INPUT DATA Start Marker

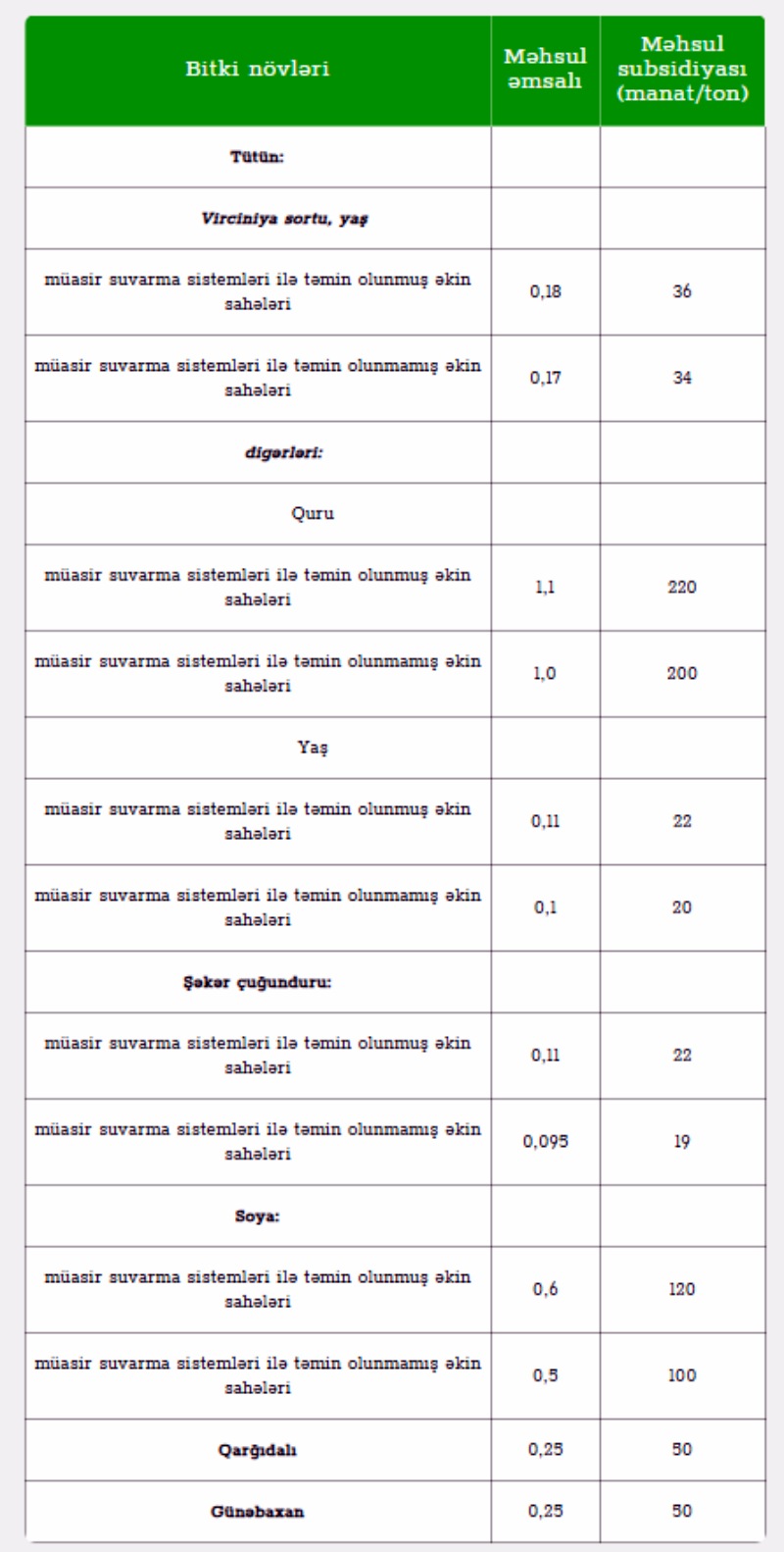 -2025-ci ildə məhsul subsidiyası 5 bitki (tütün, şəkər çuğunduru, soya, qarğıdalı və günəbaxan) üzrə aşağıdakı əmsallara uyğun olaraq veriləcəkdir:
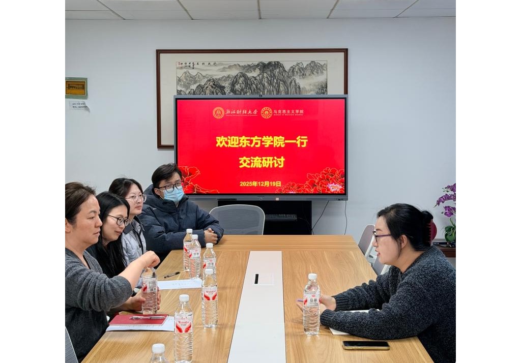 12月19日,马克思主义公司党总支书记叶颖蕊带领思政教研室骨干教师一行,赴浙江财经大学马克思主义学院开展“十五五”规划编制专题调研。浙江财经大学马院副经理邢雁欣热情接待,双方围绕思政教育核心工作展开深度交流。
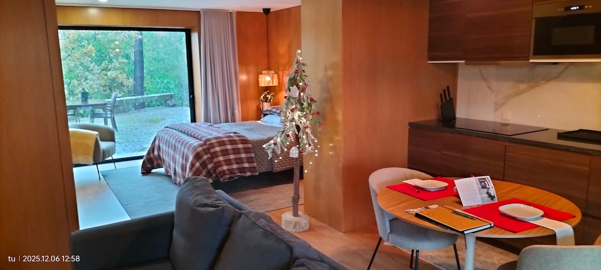 Tóg anail sa dúlra i dtearmann barántúil cois abhann, agus uisce thart timpeall ort, atá atógtha go héiceolaíoch ar mhuileann uisce XIV, a thairgeann compord agus beachtas inar féidir leat do scíth a ligean agus taitneamh a bhaint as fuaim an uisce máguaird. Scoir ón gcuid eile den domhan agus bain sult as an spás álainn seo in éineacht leis na daoine is mó a bhfuil grá agat dóibh, ag cruthú cuimhní cinn dodhearmadta. Beidh sé ina dheis den scoth chun 'Díthocsainiú Digiteach' a dhéanamh ar deireadh! Ar laethanta báistí, is féidir leat do scíth a ligean le seisiún scannáin sa bhaile.
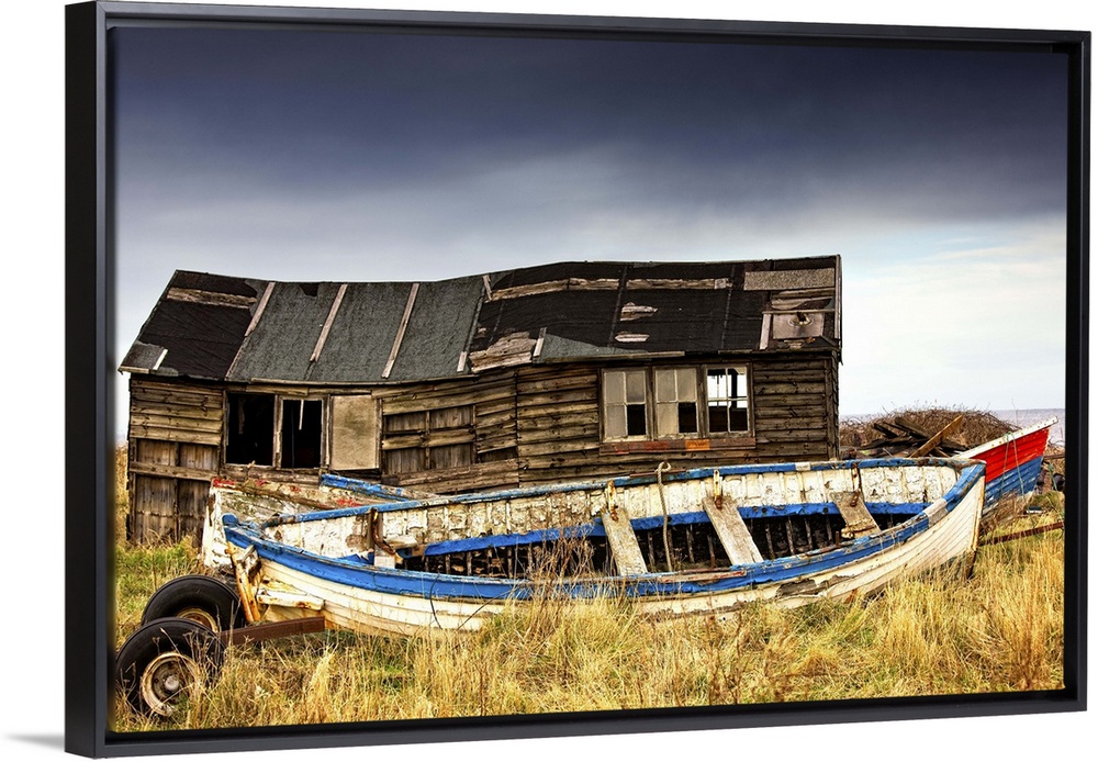 <p>Dilapidated boathouse and boat, Beadnell, Northumberland, England</p>
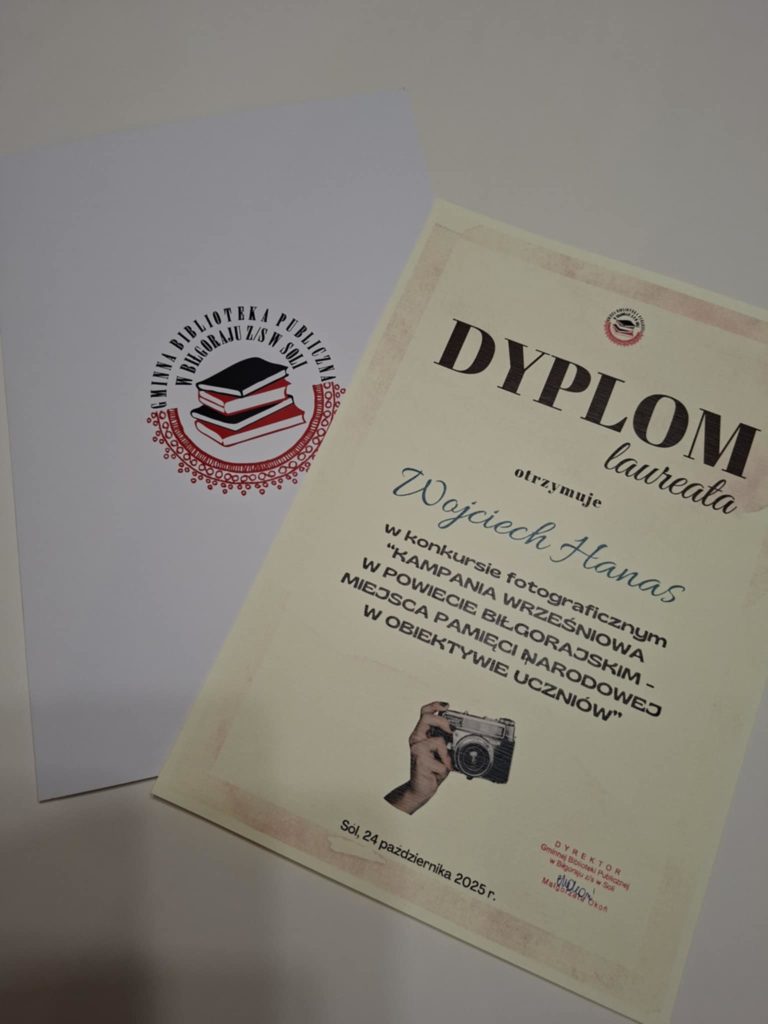 Z ogromną radością i dumą informujemy, że nasz uczeń został laureatem historycznego konkursu fotograficznego! Jego praca, ukazująca pamięć o wydarzeniach i bohaterach przeszłości, zachwyciła jury nie tylko walorami artystycznymi, ale także głębokim przekazem historycznym. Serdecznie gratulujemy Wojtkowi. To wspaniały przykład, że pasja połączona z zaangażowaniem może prowadzić do pięknych sukcesów. Niech ten wynik będzie także motywacją dla innych uczniów do rozwijania swoich talentów — zarówno w dziedzinie historii, jak i wrażliwości artystycznej.

INPUT DATA End Marker

### [EXERCISE REQUIREMENTS]
The full set of entries should be transcribed exactly, pictures left aside.

### [ANSWER TO THIS TASK]
 -2025-ci ildə məhsul subsidiyası 5 bitki (tütün, şəkər çuğunduru, soya, qarğıdalı və günəbaxan) üzrə aşağıdakı əmsallara uyğun olaraq veriləcəkdir:
 12月19日,马克思主义公司党总支书记叶颖蕊带领思政教研室骨干教师一行,赴浙江财经大学马克思主义学院开展“十五五”规划编制专题调研。浙江财经大学马院副经理邢雁欣热情接待,双方围绕思政教育核心工作展开深度交流。
 Tóg anail sa dúlra i dtearmann barántúil cois abhann, agus uisce thart timpeall ort, atá atógtha go héiceolaíoch ar mhuileann uisce XIV, a thairgeann compord agus beachtas inar féidir leat do scíth a ligean agus taitneamh a bhaint as fuaim an uisce máguaird. Scoir ón gcuid eile den domhan agus bain sult as an spás álainn seo in éineacht leis na daoine is mó a bhfuil grá agat dóibh, ag cruthú cuimhní cinn dodhearmadta. Beidh sé ina dheis den scoth chun 'Díthocsainiú Digiteach' a dhéanamh ar deireadh! Ar laethanta báistí, is féidir leat do scíth a ligean le seisiún scannáin sa bhaile.
 <p>Dilapidated boathouse and boat, Beadnell, Northumberland, England</p>
 Z ogromną radością i dumą informujemy, że nasz uczeń został laureatem historycznego konkursu fotograficznego! Jego praca, ukazująca pamięć o wydarzeniach i bohaterach przeszłości, zachwyciła jury nie tylko walorami artystycznymi, ale także głębokim przekazem historycznym. Serdecznie gratulujemy Wojtkowi. To wspaniały przykład, że pasja połączona z zaangażowaniem może prowadzić do pięknych sukcesów. Niech ten wynik będzie także motywacją dla innych uczniów do rozwijania swoich talentów — zarówno w dziedzinie historii, jak i wrażliwości artystycznej.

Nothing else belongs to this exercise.